*What is being asked:*
From the material below, set down exactly the lines that run from the one containing "і калектыўнай работы." to the one containing "Elegant charcoal cardigan", minus the pictures.
BEGIN Records to use
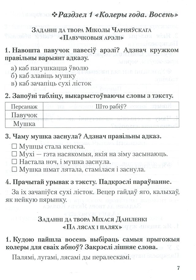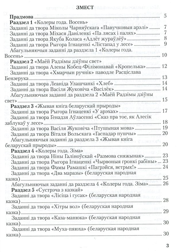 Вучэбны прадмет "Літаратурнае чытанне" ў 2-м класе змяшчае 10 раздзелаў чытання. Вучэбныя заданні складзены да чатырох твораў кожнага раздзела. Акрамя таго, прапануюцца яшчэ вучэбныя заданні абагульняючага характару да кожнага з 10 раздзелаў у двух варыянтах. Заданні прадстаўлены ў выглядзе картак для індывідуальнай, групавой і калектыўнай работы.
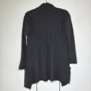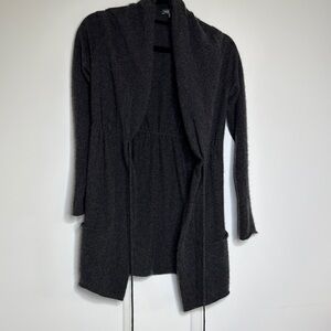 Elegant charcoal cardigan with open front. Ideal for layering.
END Records to use
BEGIN Records to use
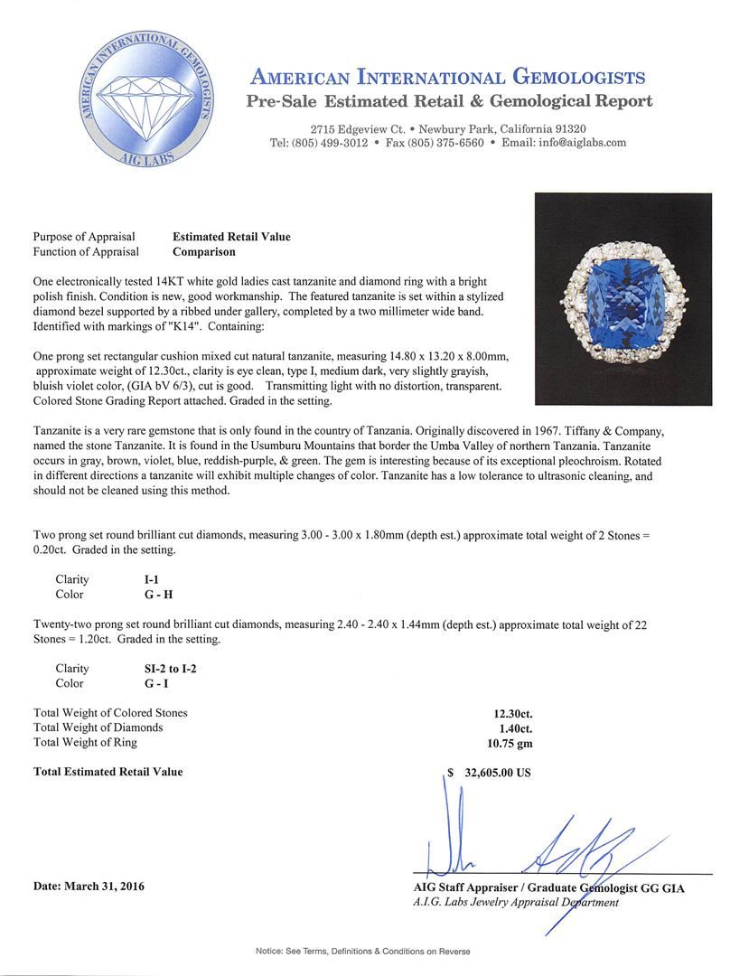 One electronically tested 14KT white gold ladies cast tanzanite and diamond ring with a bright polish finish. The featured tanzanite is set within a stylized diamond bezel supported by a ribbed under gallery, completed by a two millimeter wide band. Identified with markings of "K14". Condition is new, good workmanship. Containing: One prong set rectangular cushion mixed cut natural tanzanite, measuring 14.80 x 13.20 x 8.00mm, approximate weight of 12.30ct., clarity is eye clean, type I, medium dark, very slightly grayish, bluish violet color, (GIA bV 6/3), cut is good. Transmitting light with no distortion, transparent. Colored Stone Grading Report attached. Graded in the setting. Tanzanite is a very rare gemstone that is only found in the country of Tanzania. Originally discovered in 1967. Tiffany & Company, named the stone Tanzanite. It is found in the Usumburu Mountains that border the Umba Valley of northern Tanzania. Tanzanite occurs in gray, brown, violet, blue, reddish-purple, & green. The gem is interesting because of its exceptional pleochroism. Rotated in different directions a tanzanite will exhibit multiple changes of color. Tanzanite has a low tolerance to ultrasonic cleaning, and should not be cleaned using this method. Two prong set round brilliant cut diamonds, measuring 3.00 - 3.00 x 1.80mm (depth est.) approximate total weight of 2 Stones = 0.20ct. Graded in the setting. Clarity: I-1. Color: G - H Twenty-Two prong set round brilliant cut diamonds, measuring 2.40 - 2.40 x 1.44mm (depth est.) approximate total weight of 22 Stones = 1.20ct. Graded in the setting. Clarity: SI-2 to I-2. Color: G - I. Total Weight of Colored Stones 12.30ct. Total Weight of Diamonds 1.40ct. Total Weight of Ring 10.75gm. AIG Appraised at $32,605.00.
END Records to use
*Solution for this problem:*
 Вучэбны прадмет "Літаратурнае чытанне" ў 2-м класе змяшчае 10 раздзелаў чытання. Вучэбныя заданні складзены да чатырох твораў кожнага раздзела. Акрамя таго, прапануюцца яшчэ вучэбныя заданні абагульняючага характару да кожнага з 10 раздзелаў у двух варыянтах. Заданні прадстаўлены ў выглядзе картак для індывідуальнай, групавой і калектыўнай работы.
 Elegant charcoal cardigan with open front. Ideal for layering.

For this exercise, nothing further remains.